The first period was tense, neither team giving an inch. I found myself clutching Carter’s hand so tightly I was surprised he didn’t complain about circulation loss. By the second intermission, the game remained scoreless, and I was pretty sure I’d aged a decade.

“You need to relax.” Carter massaged my shoulders. “Your blood pressure.”

“My blood pressure is fine.” I made a conscious effort to unclench my jaw. “This is it. If they win this...”

“I know.” His voice was soft and understanding. Carter might not have been born into the hockey world like the rest of us, but he’d embraced it fully, learning the game’s intricacies with the same enthusiasm he applied to everything that mattered to us.

The third period began with an immediate scoring chance for the opposing team that had everyone in the room holding their breath. When our goalie made a spectacular save, a collective exhale rippled through the crowd.

With each passing minute, the tension ratcheted higher. Five minutes left. Four. Three.

Then, with just under two minutes on the clock, the opposing team’s defenseman lost control of the puck near the blue line. Dominic was on him in an instant, stealing it cleanly and taking off up the ice. The room erupted in shouts as he crossed into the offensive zone on a break with Miles, pulling the defender toward him before sending a perfect pass across the ice.

Time seemed to slow as Miles received the pass and, in one fluid motion, fired it into the top corner of the net.

The arena exploded. Our living room exploded. I’m pretty sure GB did a celebratory somersault inside my uterus.

“SCOOOOOORE!” The announcer’s voice was nearly drowned out by the roaring crowd and the cheering in our living room.

The camera caught Dominic and Miles crashing into each other along the boards, their teammates piling on in a celebration that caused my eyes to sting with tears of joy and pride.

But the game wasn’t over yet. The opposing team pulled their goalie for a last-minute six-on-five push, scrambling for possession in our zone, but the Titans held strong. Then, the final buzzer sounded, confirming what we already knew: the Tri-State Titans were Eastern Conference Champions, heading to the Stanley Cup Finals.

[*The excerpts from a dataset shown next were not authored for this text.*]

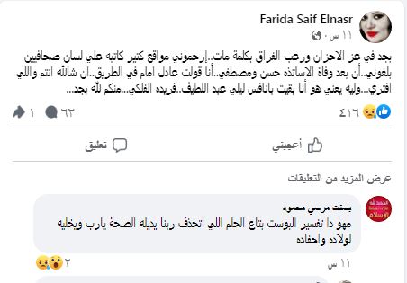 ونفت الفنانة فريدة سيف النصر هذا الكلام عبر صفحتها الرسمية "فيس بوك" وعلقت بجد في عز الاحزان ورعب الفراق بكلمة مات..ارحموني مواقع كتير كاتبه علي لسان صحافيين بلغوني..أن بعد وفاة الاساتذه حسن ومصطفي..أنا قولت عادل امام في الطريق..ان شالله انتم واللي افتري...وليه يعني هو أنا بقيت بانافس ليلي عبد اللطيف..فريدة الفلكي...منكم لله بجد ".
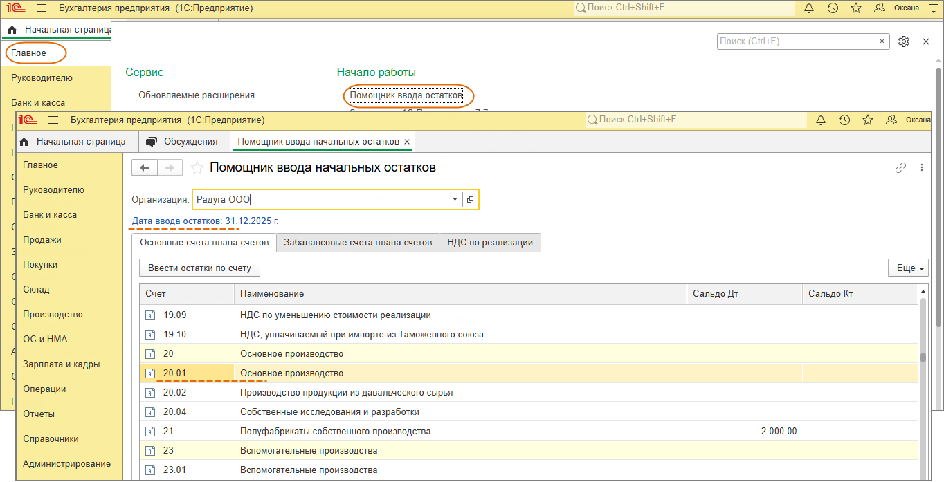 - Раздел Главное – Помощник ввода остатков.
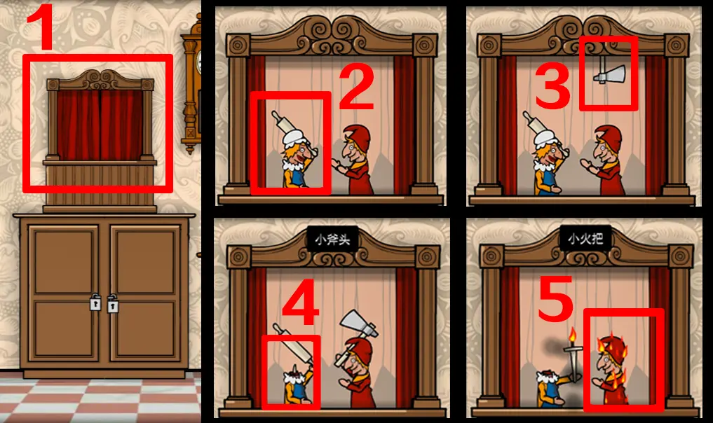 拉开红色帘幕,把擀面杖给左边蓝色小人,不停点他几次会出现一把小斧头,拿到小斧头后交给红色小人,再不停点红色小人
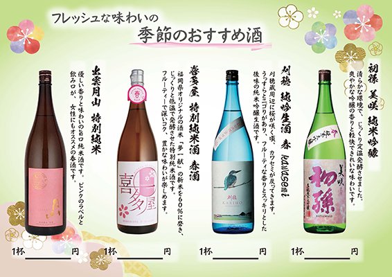 お客様の「もう一杯飲みたい!」「また来たい!」を促すためにも、ドリンクメニューの定期的な変更をおすすめしています。
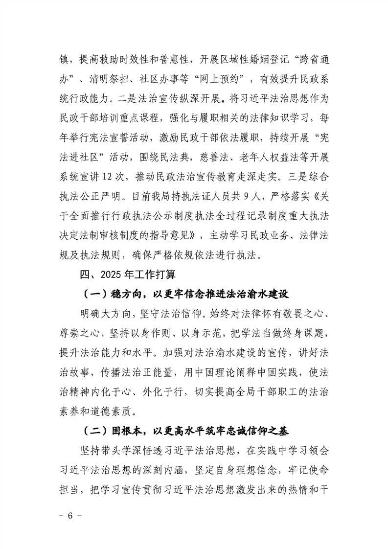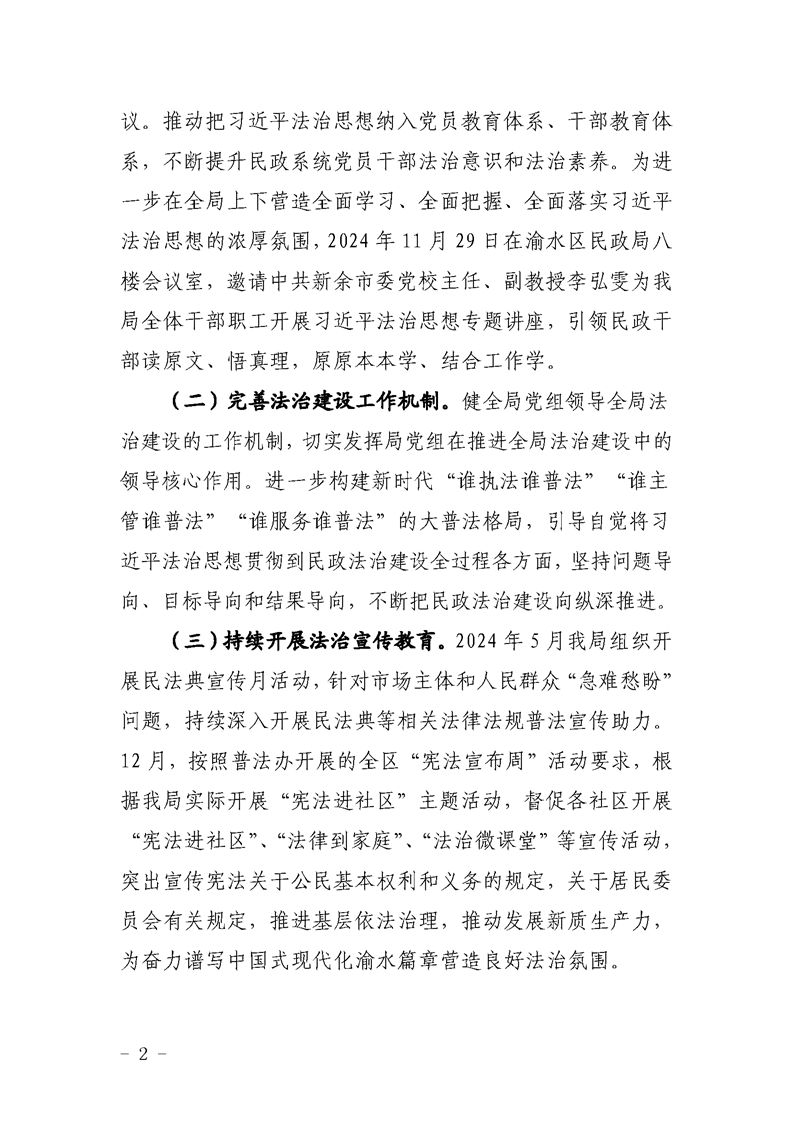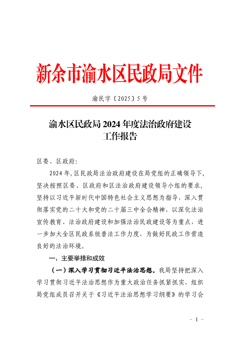 渝水區民政局2024年度法治政府建設工作報告
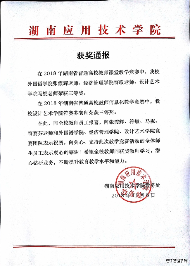 2018年湖南省普通高校教师课堂教学竞赛经管学院符敏老师荣获三等奖

Cheers erupted again in the living room. Paige jumped to her feet, Libby shouted something triumphant, and Carter was half-laughing, half-yelling as he kissed the side of my head.

I sat in the center of it all, my chest so full it almost hurt.

Elated for the team. Proud of the men I loved. Anxious for what came next.

Because this wasn’t just the end of a series. It was the beginning of something even bigger. The Titans were going to the Finals. My father’s team was already waiting. His last season.

And soon, I would become a mother.

I stared at the TV, at Miles and Dominic grinning in their gear as the team tackled each other in a pile of excitement. I wanted to freeze this moment, tuck it into my back pocket, and carry it with me.

Beside me, Carter slid his hand over my belly right as GB delivered a firm kick, like she was celebrating, too. “Someone’s ready to meet her Stanley Cup champion dads.”

I rested my hand on top of his, and I let myself believe, for this moment, that we could have it all.